In contrast the editors of vernacular language newspapers (printed in Javanese or Malay) were not often arrested or charged in the first twenty years after the press law was passed, partly because they were more cautious about what they printed, and partly because their content was not always understood by Dutch censors. The editors of these papers were generally not native Indonesians, but Europeans or Indo people who had European status and education. These newspapers were sometimes affected by the legal closure of Dutch newspapers' printing presses if they shared equipment with them. By the 1870s some of them did start to be targeted directly with Press Offenses. On the other hand, Dutch-language materials published in the Netherlands itself were generally exempt from censorship even if they were exported to the Indies, although "discretion" was still expected of importers. An 1893 royal decree also allowed for the confiscation and censorship of open mail and documents received by the Indies postal service.

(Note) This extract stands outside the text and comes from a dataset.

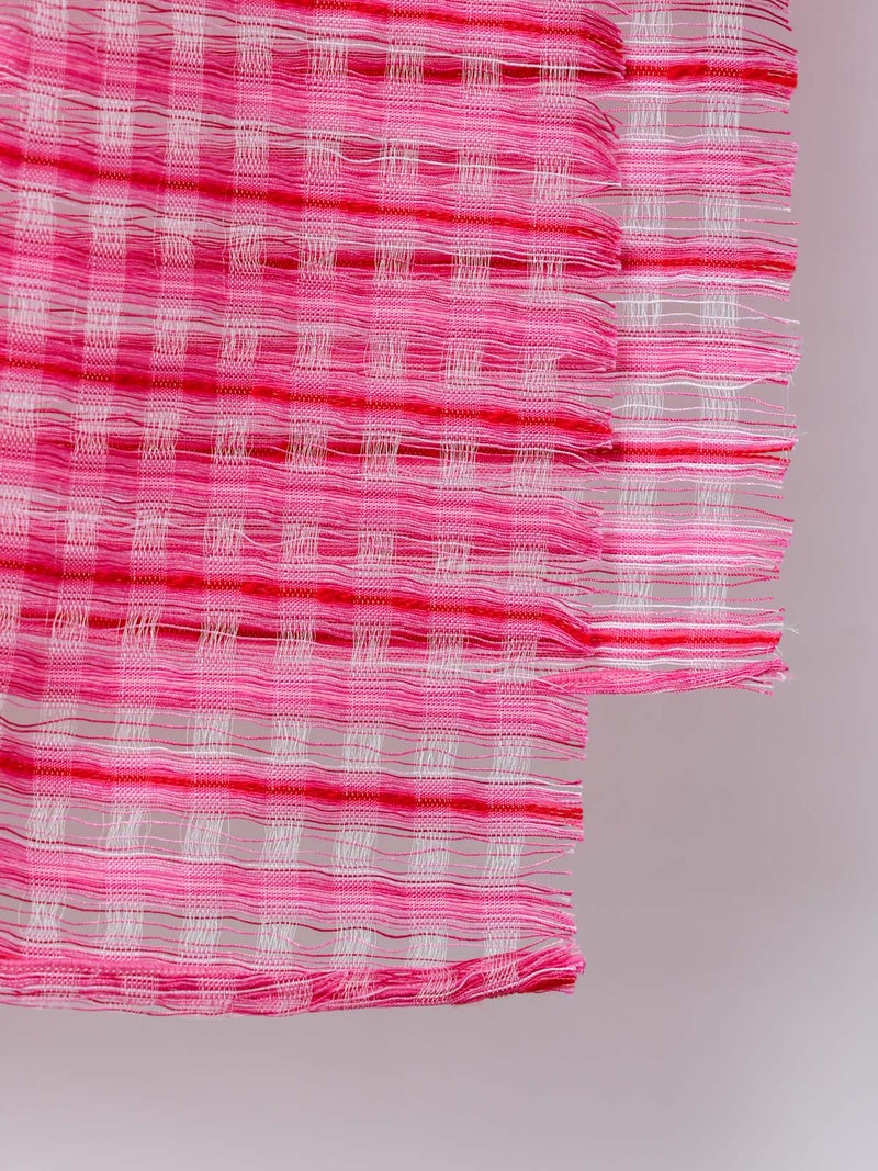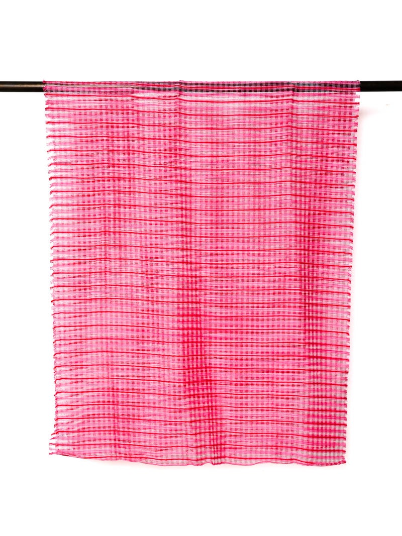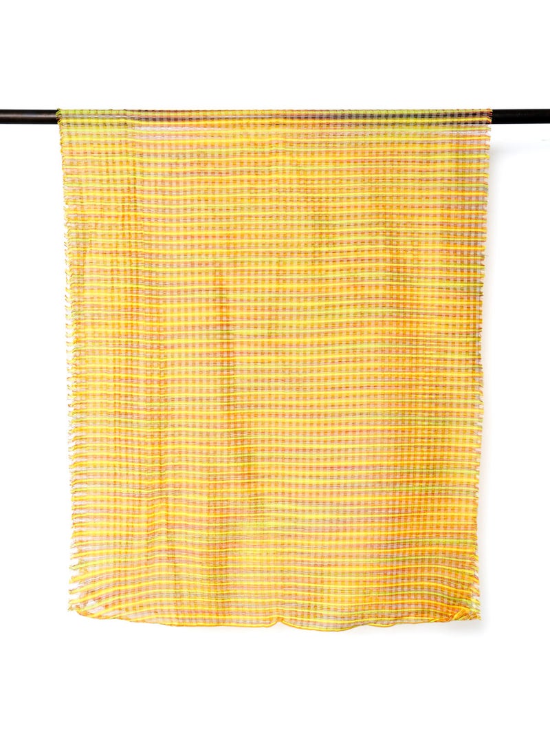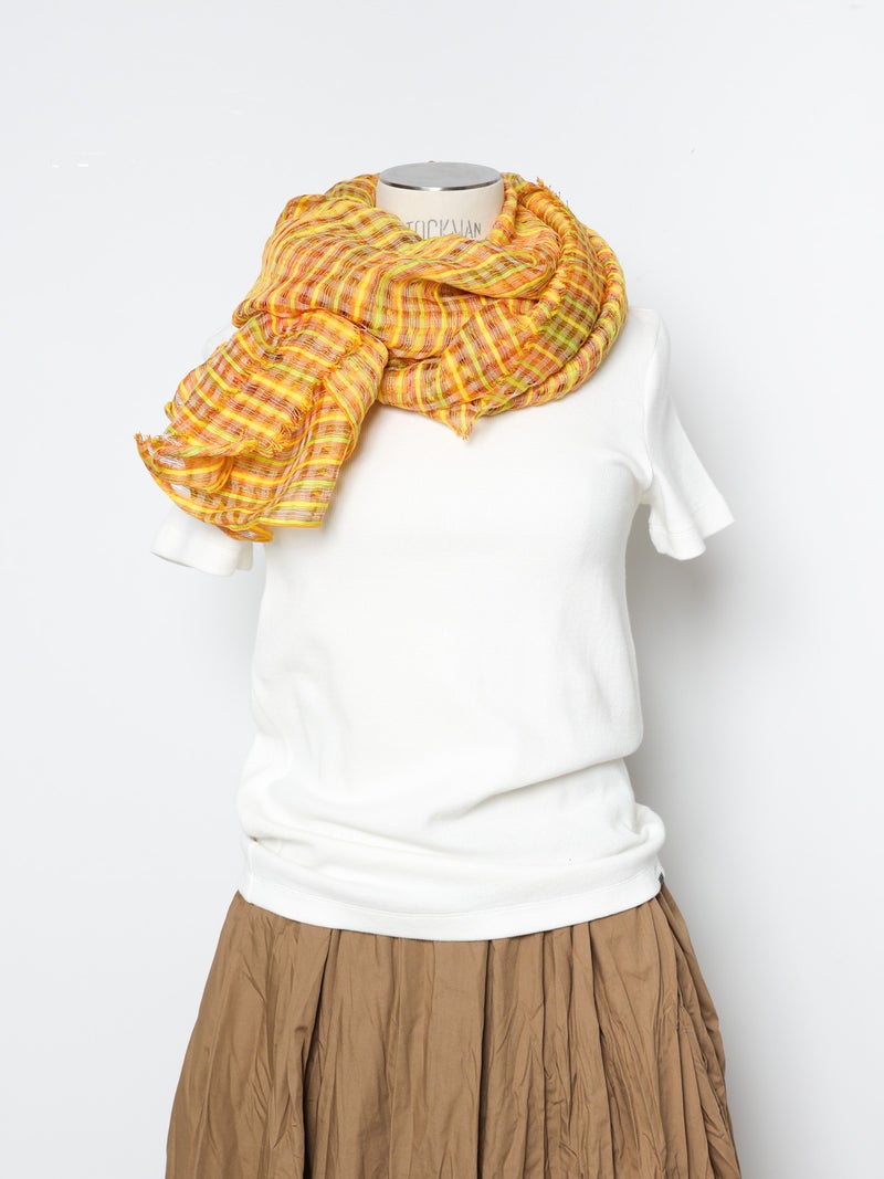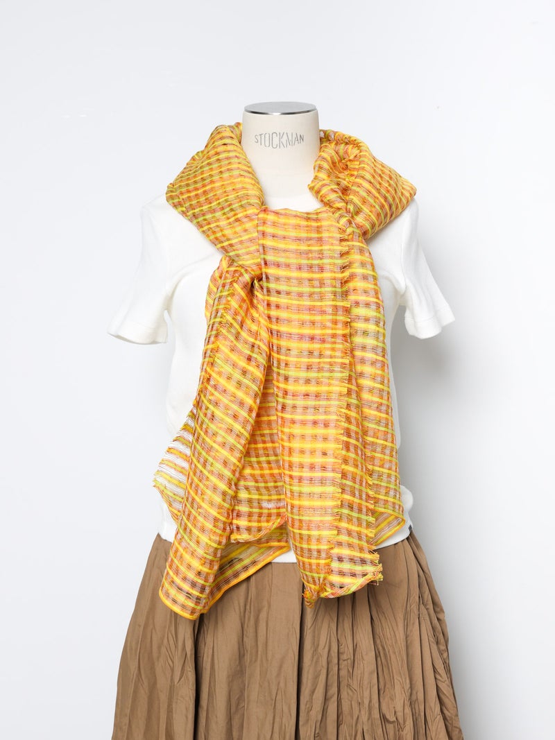 コットン×シルク素材を使用した、軽やかで繊細なフリンジストール。糸と糸の隙間を活かした独特の織りで柄を表現し、糸のコントラストによるストライプが印象的な一枚です。ピンク系とイエロー系をベースに、同系色の濃淡で奥行きを持たせたカラーリングが特徴。フランスらしい感性が漂う、絶妙なバランスのデザインがスタイリングにさりげない華やかさを添えます。春夏の冷房対策や日除け、秋口の軽い防寒にもおすすめです。

The colonial printing house (Landsdrukkerij) in Batavia, c.1880s

As the printing press economy diversified and included more and more non-Europeans, the regulations were amended. In 1900, the law was amended to allow the Governor General to block any printed matter from importation into the Indies. Punishments for importing banned matter were up to six months in prison for Europeans and up to six months of hard labour for native Indonesians. Also in 1900, press regulations were amended to explicitly include native Indonesians and so-called "foreign Orientals" (Vreemde Oosterlingen, referring mostly to Chinese Indonesians and Arab Indonesians); both of these groups had distinct legal status from Europeans, were tried in different courts, and could expect a different level of punishment for the same crime. Because of that, Chinese-owned newspapers in this era often tried to hire European or Indo editors to reduce the legal risk to their operations; a famous example is J. R. Razoux Kühr who was editor of Sin Po in 1912.

A 1905 law also forbade newspapers from covering troop or military ship movements in the Indies; it remained in force for the following decades.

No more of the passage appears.